Sayangnya, kebahagiaan itu hanya berlaku di luar kamar sepasang suami istri pemilik rumah.

Di dalam kamar, Irena kembali diam dan memberi ponselnya pada Fandi.

“Lihat ini! Jadi ini yang membuat kamu merasa hidup berwarna itu? Dikirim poto menggugah h@srat kelelakianmu. Begitu, Mas?” Irena kembali menitikkan air mata.

“Aku kira kamu serius ingin kita kembali bersama, tapi dengan menemui Indah serta peduli padanya terus. Percuma kamu cabut ajuan permohonan talak itu Mas. Percuma!” Wanita itu benar-benar hancur.

Andai tak ada mertua di kediamannya sekarang. Irena ingin menjerit dan melampiaskan amarahnya.

“I—ini,” ucap Fandi terbata-bata.

Foto seksi Indah dan foto bu gilnya dikirim Indah ke nomor W******p Irena.

Nekad!

Fandi tak bisa mengelak, dirinya tak menyangka Indah senekad itu.

Fandi diam seribu bahasa, tak bisa mengelak dan tak mampu mengatakan iya.

Membuat kamar itu hening, Irena meringkuk di ranjang tanpa suara. Meski hatinya sakit dan air matanya tak henti mengalir.
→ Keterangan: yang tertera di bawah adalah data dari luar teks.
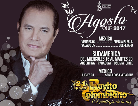 Rayito Colombiano sigue imparable, y continúa con su “TOUR LIVE 2017”, pero esta vez por Sudamérica, con gran éxito en cada una de sus presentaciones.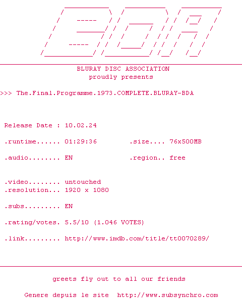 Voir le nfo de la release The.Final.Programme.1973.1080p.BluRay.x264-RUSTED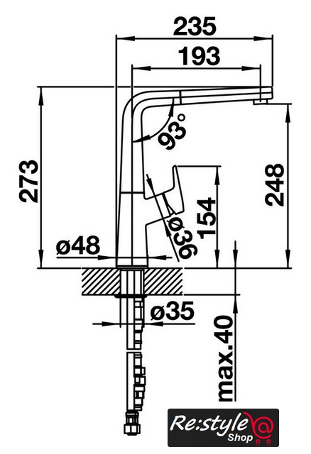 Длина (вылет) излива | 193 мм |
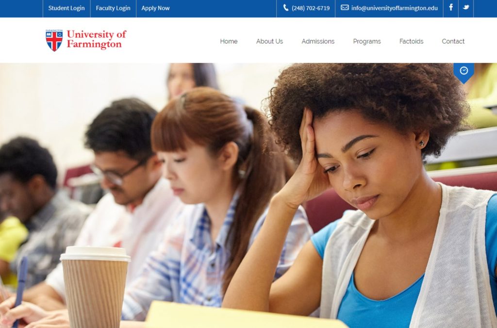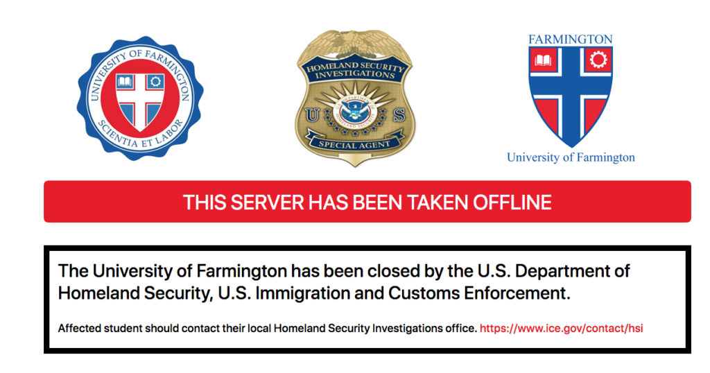 The University of Farmington website has been taken down by the Department of Homeland Security. Website visitors will now be greeted by a message from department which can be viewed at https://universityoffarmington.edu.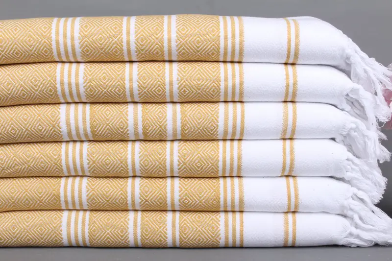 El Havlusu Türk Organik Pamuk Hardal-Beyaz, 18x40 İnç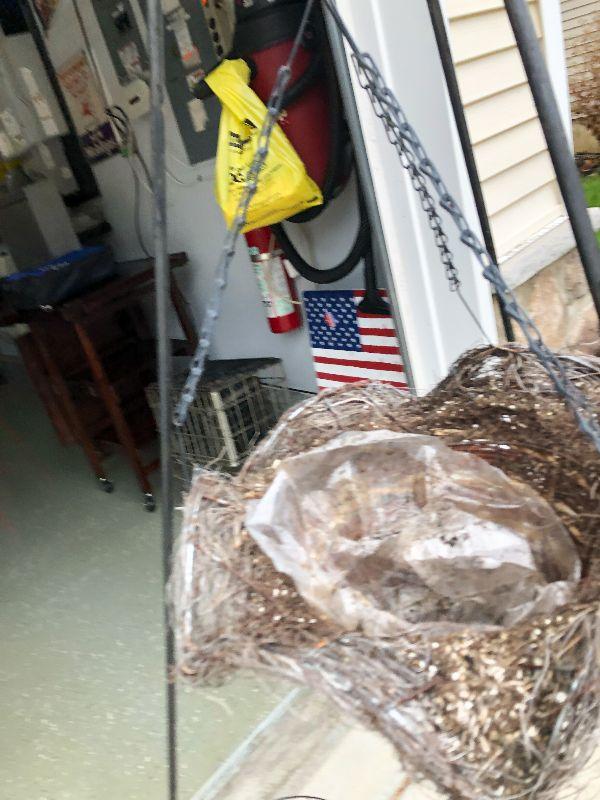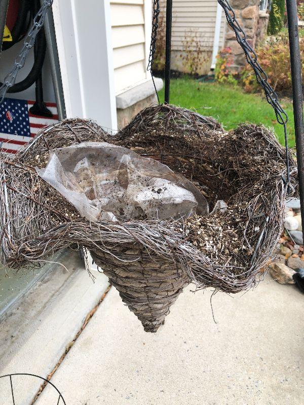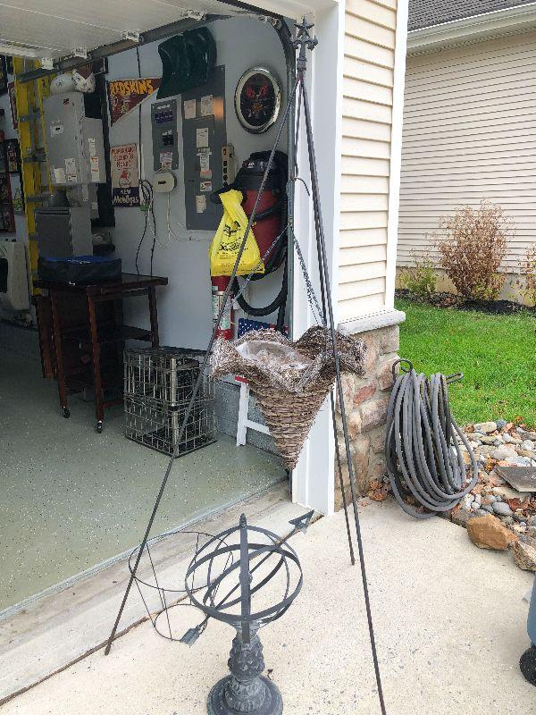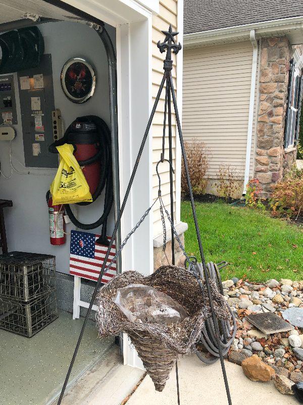Tripod Style hanging planter and garden decor. Please refer to photos for size and condition. Have fun and happy bidding.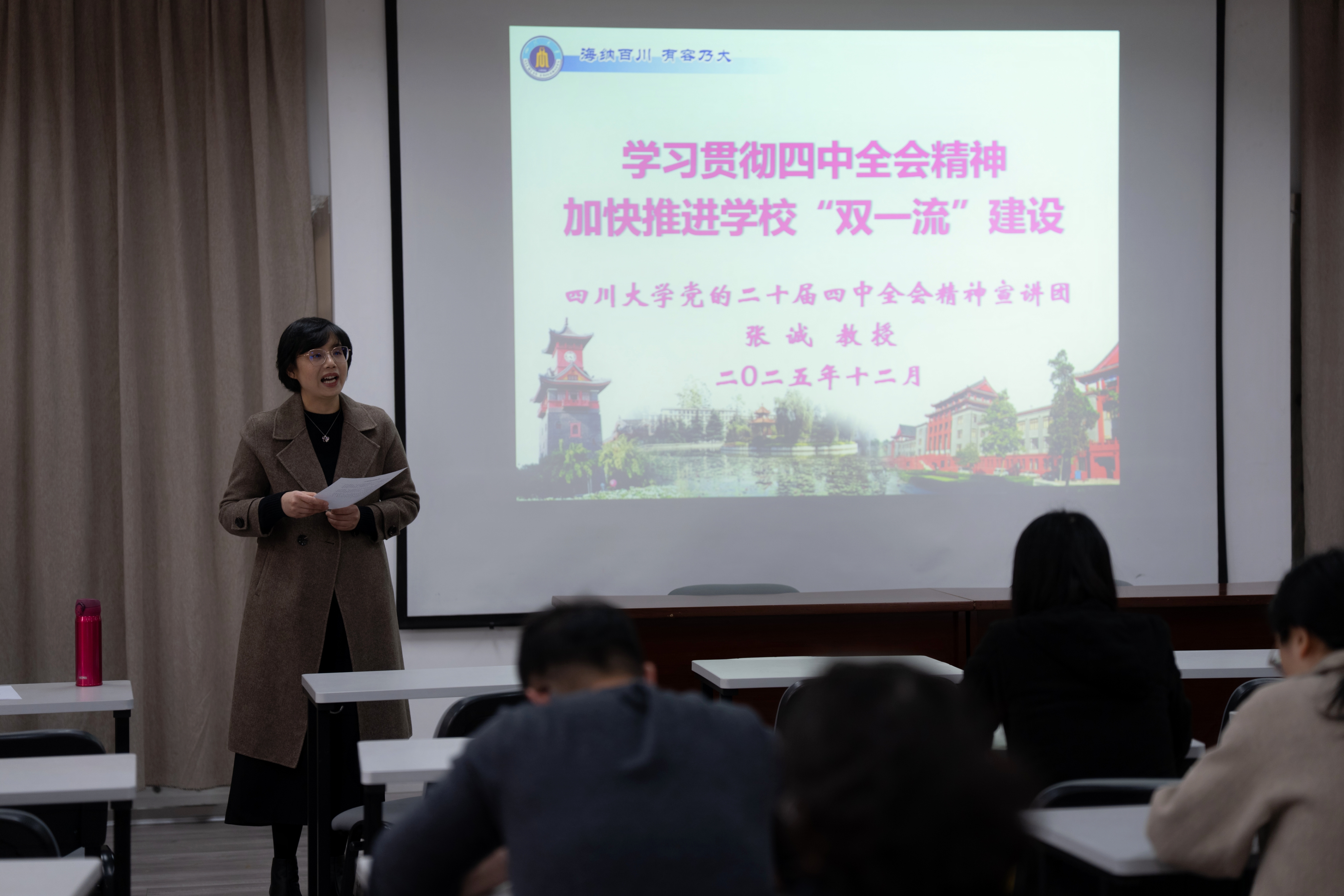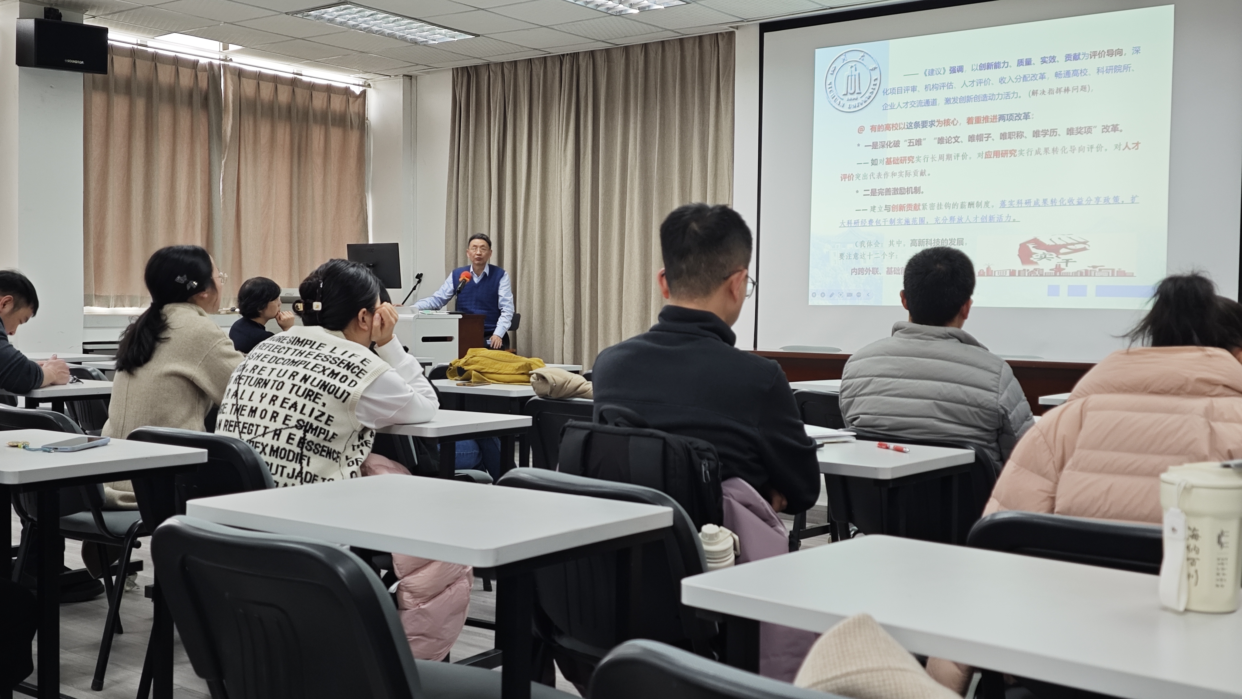 最后,信息化建设与管理办公室副主任兼党支部副书记黎生代表与会两个单位同志感谢张诚教授的精彩宣讲。他说,张诚教授的宣讲既全面深入、又突出重点,既有理论高度、又紧密联系基层实际,对于我们深入学习贯彻落实全会精神,把握好公司制定的“十五五”“1+6+N”规划体系的相关部署,谋划好本单位“十五五”高质量发展的基本思路、目标任务、重点举措和要素保障都具有很好的指导启发作用。他强调,深入学习贯彻党的二十届四中全会精神是我们当前和今后一个时期的首要政治任务,我们参会两个单位的党政干部和教职员工都要深入学习、深刻领会全会精神的核心要义,紧密结合公司党政的相关部署,立足本单位的工作领域与岗位职责,真抓实干,确保“十五五”开好局、起好步,为早日实现中国式现代化的新蓝图,加快推进公司“双一流”建设做出我们应有的贡献!

Tak ingin menambah masalah, Fandi keluar dari kamar dan menuju ke arah dapur. Lelaki tampan itu meneguk air putih hingga habis satu gelas.

Rasanya haus, tenggorokannya kering hingga tak bisa berkata apa pun.

Fandi menghela napas panjang berkali-kali. Saat dirinya hendak kembali ke kamar, sang ibu keluar dari kamar yang dihuninya.

“Belum tidur?” tanya sang ibu.

Fandi tersenyum dan menjawab, “Belum, Umi sendiri … kenapa belum tidur?”

Tak dijawabnya pertanyaan sang anak. Wanita berumur enam puluh tahun itu mengajak Fandi duduk di luar, di taman yang terdapat ayunan dekat kolam renang.

“Apa terjadi sesuatu pada rumah tanggamu, Nak?” tanya sang ibu lembut.

“Umi—”

“Irena memang tersenyum, tapi sorot matanya tampak terluka. Ada apa sebenarnya?” Ibu Fandi mengusap punggung sang anak meski dicecarnya dengan banyak pertanyaan.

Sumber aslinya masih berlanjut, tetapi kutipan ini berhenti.